Rashied Khalid Davis (born July 24, 1979) is a retired American football wide receiver. He was originally signed by the San Jose SaberCats of the Arena Football League  as an undrafted free agent in 2002. He played college football at San Jose State. He has also played for the Chicago Bears and Detroit Lions.

Early years
Davis was born in Los Angeles, California and attended John F. Kennedy High School in Granada Hills, Los Angeles. His father was murdered when Davis was only eight years old. Davis and his eight other siblings were raised by their mother and aunt. Unlike most other football players on the team, Davis had not played organized football prior to his sophomore year in high school. He did not start a single game in high school, and spent most of the time on the bench.

He later attended West Los Angeles College, where he played football as wide receiver and defensive back for the college's team. He was the team's most productive player as a junior. He later finished his collegiate career at San Jose State. In 2004, Davis was a running backs coach at West Valley College in Saratoga, California. Davis earned his B.A. in sociology from San Jose State in 2006.

Professional career

San Jose SaberCats
Davis signed with the San Jose SaberCats of the Arena Football League (AFL) in 2002 and played as a wide receiver and cornerback.
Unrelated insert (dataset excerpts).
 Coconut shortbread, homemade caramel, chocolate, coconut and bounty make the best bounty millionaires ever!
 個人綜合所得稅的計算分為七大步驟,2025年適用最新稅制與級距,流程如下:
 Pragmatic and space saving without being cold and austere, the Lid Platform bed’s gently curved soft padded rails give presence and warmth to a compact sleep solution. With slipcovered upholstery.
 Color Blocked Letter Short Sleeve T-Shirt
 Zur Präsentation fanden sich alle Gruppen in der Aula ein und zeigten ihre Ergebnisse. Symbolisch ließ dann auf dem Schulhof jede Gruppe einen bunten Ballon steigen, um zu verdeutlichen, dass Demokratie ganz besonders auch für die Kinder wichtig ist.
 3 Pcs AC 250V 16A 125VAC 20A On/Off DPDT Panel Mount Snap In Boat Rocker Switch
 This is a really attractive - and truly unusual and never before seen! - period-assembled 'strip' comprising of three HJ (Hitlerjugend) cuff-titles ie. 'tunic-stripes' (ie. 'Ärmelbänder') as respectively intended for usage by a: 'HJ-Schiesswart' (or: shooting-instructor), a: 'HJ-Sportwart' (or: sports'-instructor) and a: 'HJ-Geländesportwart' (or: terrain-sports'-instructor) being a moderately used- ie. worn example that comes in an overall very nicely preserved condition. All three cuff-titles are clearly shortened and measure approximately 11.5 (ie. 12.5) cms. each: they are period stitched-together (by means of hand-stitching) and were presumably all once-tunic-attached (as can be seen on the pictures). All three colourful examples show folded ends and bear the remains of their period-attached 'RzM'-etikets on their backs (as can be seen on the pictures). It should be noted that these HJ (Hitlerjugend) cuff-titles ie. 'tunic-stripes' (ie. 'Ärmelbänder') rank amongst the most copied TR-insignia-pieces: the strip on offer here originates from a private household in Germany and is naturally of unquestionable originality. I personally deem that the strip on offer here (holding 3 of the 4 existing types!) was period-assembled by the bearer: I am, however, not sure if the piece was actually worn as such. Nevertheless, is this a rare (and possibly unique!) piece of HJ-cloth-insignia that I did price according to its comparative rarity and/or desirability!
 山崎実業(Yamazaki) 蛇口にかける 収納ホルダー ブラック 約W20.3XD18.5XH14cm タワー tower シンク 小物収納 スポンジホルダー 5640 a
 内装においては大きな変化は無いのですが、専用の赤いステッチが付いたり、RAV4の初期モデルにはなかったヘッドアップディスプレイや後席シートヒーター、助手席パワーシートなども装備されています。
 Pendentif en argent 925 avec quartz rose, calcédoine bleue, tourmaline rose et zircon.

Davis missed much of the SaberCats' 2002 ArenaBowl championship season due to injury and joined the team practice squad after recovery. Davis debuted professionally in 2003 with the SaberCats. His best years came in 2004 and 2005, in which Davis emerged as one of the team's most productive players, posting a team leading 1,785 all-purpose yards. In 2005, Davis scored 44 touchdowns and 264 points as a return specialist and wide receiver. He caught 100 passes for 1,420 yards and 30 touchdowns, which was a franchise record, and also scored eight rushing touchdowns. Davis's feats earned him recognition as the team's most valuable player and offensive player of the year.

First stint with Bears
Despite his success in the AFL, Davis ventured into the National Football League in hopes of finding a new career. He tried out for the San Francisco 49ers, but failed to make the team. The Oakland Raiders planned to offer Davis a contract, but later retracted their offer. The Chicago Bears finally signed Davis to a contract in 2005. He initially started his career as a cornerback, but was converted into a wide receiver with two interceptions before the 2006 season.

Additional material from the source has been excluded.